The Role of Immunosuppression on Cardiac Functions of Kidney Transplant Recipients


Çakır Ü. , Çavdaroğlu Ö., Ertürk T. , Gürlüler E., Gürkan A., Berber İ.

American Transplant Congress, Pennsylvania, Amerika Birleşik Devletleri, 2 - 06 May 2015, ss.2010

  • Basıldığı Şehir: Pennsylvania
  • Basıldığı Ülke: Amerika Birleşik Devletleri
  • Sayfa Sayısı: ss.2010

Özet

Cardiac disorders are associated with high morbidity and mortality in end-stage renal disease (ESRD).Kidney transplantation is known to increase the survival of dialysis patients by ameloriating both systolic and diastolic functions.

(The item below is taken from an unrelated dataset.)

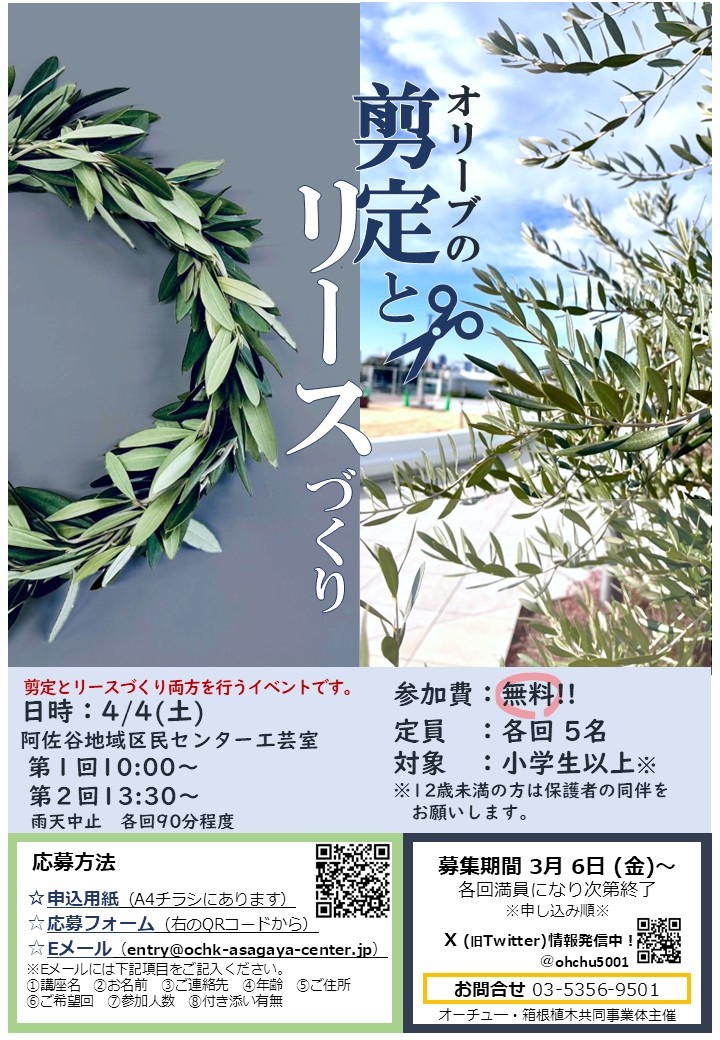 <詳細> 日時:2026年 4月 4日(土) 第1回 10:00~ 第2回 13:30~ ※各回90分程度(剪定45分+リースづくり45分) ※雨天中止

We aimed to evaluate the role of immunosuppressive (IS) drug regimens on cardiac functions of kidney transplant recipients (KTRs) one year after the transplantation.We prospectively evaluated 100 KTRs immediately before and one year after the operation, using tissue Doppler echocardiography.A triple IS therapy including Tacrolimus, Mycophenolate Mofetil (MMF) and Prednisolone was started for all patients.After 3-6 months Tacrolimus dose was lowered in order to achieve target serum levels of 3-7 ng/mL in both groups.MMF was switched to Everolimus with target levels of 4-6 ng/mL, in Group I(N=50) while Group II(N=50) continued with MPA.

No differences in age, gender, dialysis duration, number of HLA mismatches existed between the groups.The prevalence of diabetic or hypertensive nephropathy as the etiology of ESRD was similar.Blood pressure was strictly controlled.Number of acute rejection episodes was not different in both groups and no graft loss was observed in either group.Improvement in cardiac parameters including ejection fraction (EF), left ventricle diastolic diameter (LVDD), posterior wall thickness (LVPW), left atrium (LA), pulmonary artery systolic pressure (PASP), left ventricle hypertrophy (LVH) was significant before and one year after transplantation.Interestingly, when compared to Group II, ameloriation of all of the   parameters mentioned above was even better in Group I patients.

Better ameloriation of cardiovascular functions with everolimus may favor the choice of this drug in kidney transplant recipients.